Does Anyone Believe Your Sustainability Report?

By ClimateBiz Staff
Published March 30, 2010

LONDON, United Kingdom — Most climate and sustainability data reported by some of the world’s largest companies suffer from a credibility gap, a new report found, largely because companies fail to have the information verified.

A U.K.-based consulting firm surveyed FTSE 350 companies on their disclosure practices, discovering just 75 companies on the index publish some kind of assurance to show the information had been verified. Of these, 62 were based on a recognized assurance standard and performed by a third party, the study found.
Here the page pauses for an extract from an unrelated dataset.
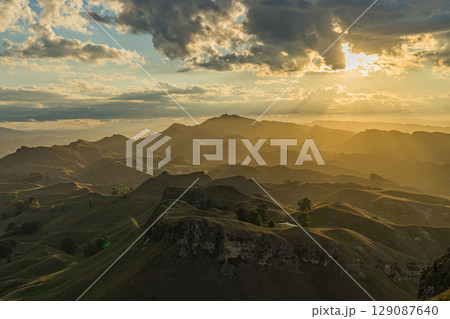 ニュージーランド ホークス・ベイ地方にあるテ・マタ・ピーク頂上からの風景と夕陽

Investors clamored for a way to compare the credibility of the vast array of non-financial reports published by companies in their portfolios, particularly for greenhouse gas emissions, prompting the U.K.’s Department for Environment, Food and Rural Affairs (DEFRA), and a group of corporations including Barclays, BP, BAT, CII, SAP and BPR Group, to sponsor the research. Most companies don’t have their greenhouse gas emissions inventories verified: Just 38 did, while seven discussed carbon-reporting criteria and two statements clearly followed a standard.
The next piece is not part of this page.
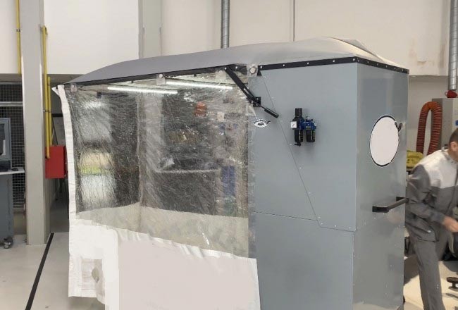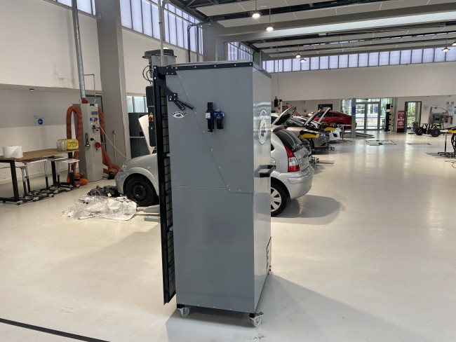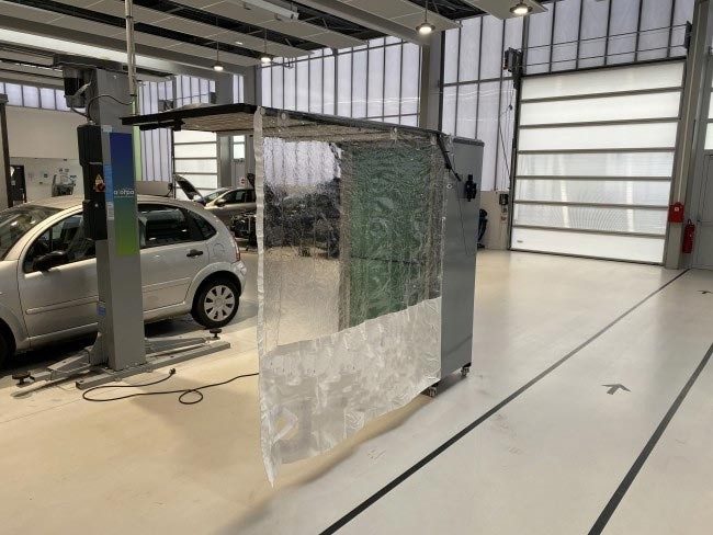 Vous avez également une économie de maintenance, puisque le changement des filtres dans la cabine mobile pliable, est très simple, et très rapide.

A widespread problem facing the industry is the lack of standardization of assurance models, creating confusion for investors as to which hold more credibility: stakeholder panels, internal audit statements, celebrity endorsements or independent third-parties.
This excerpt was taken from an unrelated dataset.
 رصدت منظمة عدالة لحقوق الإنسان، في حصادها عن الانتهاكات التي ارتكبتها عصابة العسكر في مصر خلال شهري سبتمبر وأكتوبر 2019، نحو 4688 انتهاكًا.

“As Britain moves toward its goal of reducing carbon emissions by 80 percent by 2050, we need credible sustainability and carbon data,” Ben Murray, managing director of Carbon Smart, the parent company of Smart Sustainability, the initiative that conducted the study, said in a statment. “Currently we don’t have that.”

The findings echo similar results published in’s State of Green Business 2010, which examined the disclosure practices of Standard and Poor’s 500 index. Just 7.6 percent of S&P 500 reporters sought third-party verification of their environmental data, compared to the global average of 23 percent and European rate of 30 percent.

The Carbon Disclosure Project will launch a framework with the recommended components of a robust assurance and verification process, in addition to a partnership program with verification professionals to help accelerate the practice, according to Nigel Topping, its chief development officer.

“Confidence in emissions and other climate change data is increasingly important as the issues around climate change become more and more relevant to businesses and investors,” Topping said in a statement last week.